**WORK TO BE COMPLETED:** Locate the line bearing "Punto 2 - FOTOINSERIMENTO" in the material below, then reproduce it and each following line up to and including the line bearing "ST9620 Clive Long Sleeve".

**DATA FOR THE TASK:**
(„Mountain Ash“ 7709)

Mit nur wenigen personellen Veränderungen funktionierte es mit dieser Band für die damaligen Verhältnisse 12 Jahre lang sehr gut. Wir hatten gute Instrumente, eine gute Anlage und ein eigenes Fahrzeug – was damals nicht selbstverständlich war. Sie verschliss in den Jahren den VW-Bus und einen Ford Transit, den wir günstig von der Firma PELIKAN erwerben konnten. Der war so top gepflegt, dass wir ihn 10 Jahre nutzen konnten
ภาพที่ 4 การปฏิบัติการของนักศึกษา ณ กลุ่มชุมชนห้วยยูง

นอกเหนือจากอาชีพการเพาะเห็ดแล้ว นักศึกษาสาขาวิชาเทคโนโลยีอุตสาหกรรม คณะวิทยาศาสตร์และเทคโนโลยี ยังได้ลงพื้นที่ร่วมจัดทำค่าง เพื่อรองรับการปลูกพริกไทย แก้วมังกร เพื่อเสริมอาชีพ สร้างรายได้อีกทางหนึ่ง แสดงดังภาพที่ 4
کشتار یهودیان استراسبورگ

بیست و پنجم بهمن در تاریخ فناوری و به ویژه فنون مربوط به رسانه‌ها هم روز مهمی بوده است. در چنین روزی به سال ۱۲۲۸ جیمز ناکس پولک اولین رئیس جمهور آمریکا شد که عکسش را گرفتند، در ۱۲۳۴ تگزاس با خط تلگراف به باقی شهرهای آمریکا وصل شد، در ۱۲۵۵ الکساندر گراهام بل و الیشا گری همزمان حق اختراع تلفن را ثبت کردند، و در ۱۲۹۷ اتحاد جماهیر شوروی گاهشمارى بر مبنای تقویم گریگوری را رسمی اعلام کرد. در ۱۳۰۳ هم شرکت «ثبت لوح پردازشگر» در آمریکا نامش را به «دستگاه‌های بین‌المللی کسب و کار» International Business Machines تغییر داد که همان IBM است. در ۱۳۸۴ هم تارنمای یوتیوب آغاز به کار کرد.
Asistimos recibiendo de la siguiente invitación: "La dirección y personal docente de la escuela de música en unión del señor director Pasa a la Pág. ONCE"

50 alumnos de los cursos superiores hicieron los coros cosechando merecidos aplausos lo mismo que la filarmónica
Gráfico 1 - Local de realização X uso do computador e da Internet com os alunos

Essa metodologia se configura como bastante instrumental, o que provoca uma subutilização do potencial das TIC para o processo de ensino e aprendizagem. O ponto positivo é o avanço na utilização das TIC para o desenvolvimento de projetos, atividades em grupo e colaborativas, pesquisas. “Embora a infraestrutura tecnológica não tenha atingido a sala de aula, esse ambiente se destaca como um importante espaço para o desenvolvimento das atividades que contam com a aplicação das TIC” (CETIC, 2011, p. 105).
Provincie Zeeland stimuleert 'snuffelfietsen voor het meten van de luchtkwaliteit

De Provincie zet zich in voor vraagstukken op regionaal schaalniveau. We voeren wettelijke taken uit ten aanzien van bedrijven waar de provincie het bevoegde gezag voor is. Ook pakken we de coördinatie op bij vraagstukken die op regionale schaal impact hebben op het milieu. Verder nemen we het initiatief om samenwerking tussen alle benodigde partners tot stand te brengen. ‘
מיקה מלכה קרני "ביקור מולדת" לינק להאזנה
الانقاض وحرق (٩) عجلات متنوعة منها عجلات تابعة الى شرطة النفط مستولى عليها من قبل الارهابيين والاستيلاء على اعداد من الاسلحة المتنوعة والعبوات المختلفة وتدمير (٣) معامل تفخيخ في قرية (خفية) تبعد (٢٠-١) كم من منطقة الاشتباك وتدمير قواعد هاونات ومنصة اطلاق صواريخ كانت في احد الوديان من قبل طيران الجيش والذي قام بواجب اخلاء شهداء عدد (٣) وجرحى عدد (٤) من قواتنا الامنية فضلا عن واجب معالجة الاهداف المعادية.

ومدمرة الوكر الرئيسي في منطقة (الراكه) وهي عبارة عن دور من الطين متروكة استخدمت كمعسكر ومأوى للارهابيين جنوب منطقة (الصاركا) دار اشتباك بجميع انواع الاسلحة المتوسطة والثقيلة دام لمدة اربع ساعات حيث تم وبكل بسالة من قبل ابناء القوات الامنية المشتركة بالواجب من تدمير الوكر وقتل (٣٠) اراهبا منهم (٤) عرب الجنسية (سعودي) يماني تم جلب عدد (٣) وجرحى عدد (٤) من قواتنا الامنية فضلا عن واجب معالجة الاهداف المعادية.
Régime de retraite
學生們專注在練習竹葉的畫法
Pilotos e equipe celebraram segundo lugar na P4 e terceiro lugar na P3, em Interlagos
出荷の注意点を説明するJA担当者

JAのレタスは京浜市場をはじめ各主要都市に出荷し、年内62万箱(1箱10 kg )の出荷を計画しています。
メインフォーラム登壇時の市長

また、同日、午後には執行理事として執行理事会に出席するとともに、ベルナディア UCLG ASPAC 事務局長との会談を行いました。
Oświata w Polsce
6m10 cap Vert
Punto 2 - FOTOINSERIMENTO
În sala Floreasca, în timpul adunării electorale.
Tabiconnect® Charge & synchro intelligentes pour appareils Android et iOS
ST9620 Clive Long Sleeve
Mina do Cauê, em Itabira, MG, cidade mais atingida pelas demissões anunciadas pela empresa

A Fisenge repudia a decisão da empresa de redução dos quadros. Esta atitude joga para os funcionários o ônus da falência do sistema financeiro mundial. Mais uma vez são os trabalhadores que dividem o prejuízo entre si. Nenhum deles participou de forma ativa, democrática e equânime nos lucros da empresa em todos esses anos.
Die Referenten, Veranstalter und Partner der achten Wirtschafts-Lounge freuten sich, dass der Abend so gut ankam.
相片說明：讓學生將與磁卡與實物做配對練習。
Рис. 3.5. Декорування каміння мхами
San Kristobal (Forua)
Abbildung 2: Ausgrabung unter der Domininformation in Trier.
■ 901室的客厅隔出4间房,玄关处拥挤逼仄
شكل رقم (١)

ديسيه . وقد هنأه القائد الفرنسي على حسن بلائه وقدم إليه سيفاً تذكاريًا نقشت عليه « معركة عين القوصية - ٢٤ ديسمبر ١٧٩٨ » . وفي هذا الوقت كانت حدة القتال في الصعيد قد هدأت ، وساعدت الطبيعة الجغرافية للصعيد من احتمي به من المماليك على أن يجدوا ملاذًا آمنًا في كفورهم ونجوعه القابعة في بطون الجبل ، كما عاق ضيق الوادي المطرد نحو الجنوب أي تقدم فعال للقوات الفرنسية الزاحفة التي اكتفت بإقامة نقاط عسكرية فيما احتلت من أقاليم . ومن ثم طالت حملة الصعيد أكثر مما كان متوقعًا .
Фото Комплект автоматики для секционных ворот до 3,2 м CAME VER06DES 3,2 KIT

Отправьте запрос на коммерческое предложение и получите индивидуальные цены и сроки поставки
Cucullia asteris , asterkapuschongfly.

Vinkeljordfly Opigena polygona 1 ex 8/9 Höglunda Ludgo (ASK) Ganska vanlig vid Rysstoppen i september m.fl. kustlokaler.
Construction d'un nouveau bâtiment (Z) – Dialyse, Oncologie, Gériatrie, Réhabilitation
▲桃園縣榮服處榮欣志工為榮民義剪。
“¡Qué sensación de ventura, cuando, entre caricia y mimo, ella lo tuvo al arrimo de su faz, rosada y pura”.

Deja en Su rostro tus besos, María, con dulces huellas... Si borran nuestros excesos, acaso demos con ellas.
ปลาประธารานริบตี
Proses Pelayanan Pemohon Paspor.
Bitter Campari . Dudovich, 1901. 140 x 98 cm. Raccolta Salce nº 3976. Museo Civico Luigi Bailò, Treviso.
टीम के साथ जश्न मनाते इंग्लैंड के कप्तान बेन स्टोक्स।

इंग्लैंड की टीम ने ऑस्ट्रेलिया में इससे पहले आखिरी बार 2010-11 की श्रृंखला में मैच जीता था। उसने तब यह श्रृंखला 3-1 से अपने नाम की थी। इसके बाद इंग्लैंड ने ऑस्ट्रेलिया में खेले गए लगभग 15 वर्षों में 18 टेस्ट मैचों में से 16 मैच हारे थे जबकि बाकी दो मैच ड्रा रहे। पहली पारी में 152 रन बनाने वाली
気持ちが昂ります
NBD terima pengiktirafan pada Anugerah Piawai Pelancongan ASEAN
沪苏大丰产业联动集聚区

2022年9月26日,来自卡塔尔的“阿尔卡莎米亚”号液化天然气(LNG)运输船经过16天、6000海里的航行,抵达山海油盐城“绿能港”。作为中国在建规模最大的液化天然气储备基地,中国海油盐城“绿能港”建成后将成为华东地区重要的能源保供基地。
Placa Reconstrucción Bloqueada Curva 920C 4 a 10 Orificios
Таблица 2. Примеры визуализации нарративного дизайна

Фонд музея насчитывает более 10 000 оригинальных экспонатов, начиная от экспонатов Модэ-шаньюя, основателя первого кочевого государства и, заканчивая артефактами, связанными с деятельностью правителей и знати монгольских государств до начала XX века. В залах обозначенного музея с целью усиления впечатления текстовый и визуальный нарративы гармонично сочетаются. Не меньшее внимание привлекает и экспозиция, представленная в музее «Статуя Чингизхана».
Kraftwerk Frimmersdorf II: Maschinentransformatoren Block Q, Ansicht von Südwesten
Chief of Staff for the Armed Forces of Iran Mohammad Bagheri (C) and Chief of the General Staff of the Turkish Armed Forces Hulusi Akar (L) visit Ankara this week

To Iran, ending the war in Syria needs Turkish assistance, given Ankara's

**SOLUTION:**
Punto 2 - FOTOINSERIMENTO
În sala Floreasca, în timpul adunării electorale.
Tabiconnect® Charge & synchro intelligentes pour appareils Android et iOS
ST9620 Clive Long Sleeve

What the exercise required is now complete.